**DATA EXCERPT**.
☆ ☆ ☆
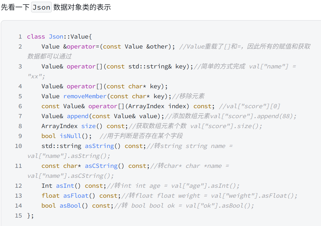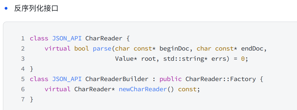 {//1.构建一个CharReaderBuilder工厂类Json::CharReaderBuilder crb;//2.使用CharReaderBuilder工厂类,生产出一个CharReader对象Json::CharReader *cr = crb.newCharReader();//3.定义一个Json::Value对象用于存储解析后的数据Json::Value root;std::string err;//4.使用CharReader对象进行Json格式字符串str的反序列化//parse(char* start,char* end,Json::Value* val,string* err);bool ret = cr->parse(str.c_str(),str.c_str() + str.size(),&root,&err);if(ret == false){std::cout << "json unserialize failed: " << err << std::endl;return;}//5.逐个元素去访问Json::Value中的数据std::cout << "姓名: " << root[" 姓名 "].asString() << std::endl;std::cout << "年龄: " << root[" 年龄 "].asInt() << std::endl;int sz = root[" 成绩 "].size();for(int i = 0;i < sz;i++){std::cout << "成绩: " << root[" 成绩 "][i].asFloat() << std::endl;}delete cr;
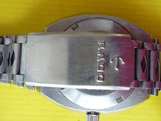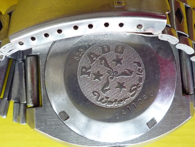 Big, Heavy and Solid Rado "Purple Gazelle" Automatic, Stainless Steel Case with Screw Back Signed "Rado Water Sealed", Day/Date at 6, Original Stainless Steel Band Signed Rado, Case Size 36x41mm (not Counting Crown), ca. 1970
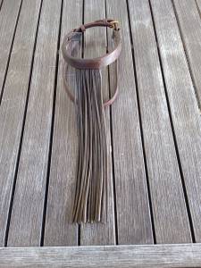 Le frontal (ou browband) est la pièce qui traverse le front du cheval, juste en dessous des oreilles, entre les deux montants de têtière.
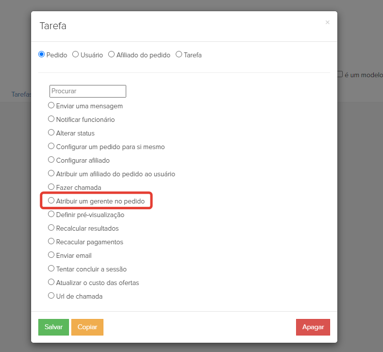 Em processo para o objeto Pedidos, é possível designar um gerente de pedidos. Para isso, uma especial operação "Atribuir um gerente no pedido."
☆ ☆ ☆
**WORK TO BE COMPLETED**. With the images excluded, reproduce the data above precisely as written.

**WRITTEN RESPONSE**.
 {//1.构建一个CharReaderBuilder工厂类Json::CharReaderBuilder crb;//2.使用CharReaderBuilder工厂类,生产出一个CharReader对象Json::CharReader *cr = crb.newCharReader();//3.定义一个Json::Value对象用于存储解析后的数据Json::Value root;std::string err;//4.使用CharReader对象进行Json格式字符串str的反序列化//parse(char* start,char* end,Json::Value* val,string* err);bool ret = cr->parse(str.c_str(),str.c_str() + str.size(),&root,&err);if(ret == false){std::cout << "json unserialize failed: " << err << std::endl;return;}//5.逐个元素去访问Json::Value中的数据std::cout << "姓名: " << root[" 姓名 "].asString() << std::endl;std::cout << "年龄: " << root[" 年龄 "].asInt() << std::endl;int sz = root[" 成绩 "].size();for(int i = 0;i < sz;i++){std::cout << "成绩: " << root[" 成绩 "][i].asFloat() << std::endl;}delete cr;
 Big, Heavy and Solid Rado "Purple Gazelle" Automatic, Stainless Steel Case with Screw Back Signed "Rado Water Sealed", Day/Date at 6, Original Stainless Steel Band Signed Rado, Case Size 36x41mm (not Counting Crown), ca. 1970
 Le frontal (ou browband) est la pièce qui traverse le front du cheval, juste en dessous des oreilles, entre les deux montants de têtière.
 Em processo para o objeto Pedidos, é possível designar um gerente de pedidos. Para isso, uma especial operação "Atribuir um gerente no pedido."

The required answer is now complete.